DO you ever feel this misunderstood around a spouse, boss, friend, or family members? The intense compulsion to defend starts when we are little, when we come to believe that our survival depends on the way a parent or other grownup sees us.That is why we can go into instant defensiveness and even rage when others don’t see us the way we want to be seen.That little one is still tenacious about projecting the identity we felt could save us.

After some amazing shifts the client who felt this way had in our session, I wrote some insights to her in one of the follow-up emails that are part of our coaching relationship. Over the past month, I had to plunge deep into what remains of my own need to defend to experience a critical shift that I shared with her.

“Feel free to bookend with me about whether you took the action you were inspired to take after our session. It was amazing to watch you switch from feeling SO angry and devalued by him to saying you wanted to go and tenderly apologize.

“I’m sorry for the ways I’ve hurt you and made you feel less than.  Diminished you as a person.”
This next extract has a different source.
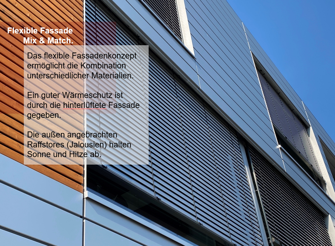 Die aufgeständerte, leichte Stahlkonstruktion ist flexibel erweiterbar und kann beispielsweise durch verschiedene Fassadengestaltungsmöglichkeiten weiter individualisiert werden.
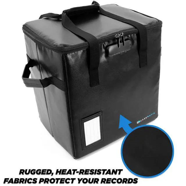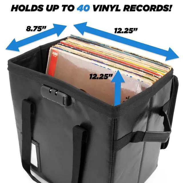 Records: Transport or store up to 40 of your favorite records with this folding vinyl storage case. The interior measures 12.25" x 12.25" x 8.75" and is the perfect carrier for storing your collection or for bringing home new records. ^^ Fire-Resistant Vinyl

What a turn-around. Those were your words once you had seen that it wasn’t personal, and that you were doing the same to him and to yourself as he was doing to you. It was such an incredible shift into warmth and compassion. I know your intention is to stay with it and shift these long-term patterns, so let’s check in soon about what happened.

MORATORIUM FROM THE HELL OF DEFENSIVENESS

Just before teaching my MM group our module on DEFENSIVENESS, I came up against my own ‘edge’ this past month; plunged into feeling little and clueless and heartbroken and defensive like I haven’t in years around the accusations and actions of a party very dear to me.  After going in and out of an intense need to defend or attack back, I felt so much more free when I suddenly ‘got it’ that I’m not responsible for changing the way others see me.  It confirmed what I had been observing this past month:


What causes our intense emotional suffering when we want to defend is not anything “they” are doing. It is always our misguided belief that what’s happening should be different than it is. It is our belief that our happiness is tied to how THEY see us.  My own obsessive composing of fruitless defense/counter responses–having such loving that I can change their minds if only I ‘do it right’–tears me in half. The sense of hopelessness created by the illusion that we can ‘get them’ to see what they are doing to us (and the fear that our defense or offense will likely make things worse) is what actually creates that ‘kicked in the stomach’ feeling and paralyzes us as we spin options around and around in our minds.

I experienced relief an eye-opening shift when I asked myself, “What if I could not defend (try to convince them of my rightness) or attack back (try to convince them of their wrongness) for a full year? What would I be doing with my time now, instead of obsessing about how to ‘fix’ this?”   

What if you did the same with your husband? What if, for a whole year (or even a month; even a day; even 10 minutes) you gave yourself (and him) a moratorium on commenting, criticizing, or in any way engaging in the business of getting him to change?

You found that ‘without that thought’ you would be present with the ‘as-is’ husband that shows up (rather than the husband of your imagination–the one we think we are responsible to create by convincing them of our innocence).


What if our only job is to keep our hearts open and convince OURSELVES of our own innocence and be our own best advocate–and theirs?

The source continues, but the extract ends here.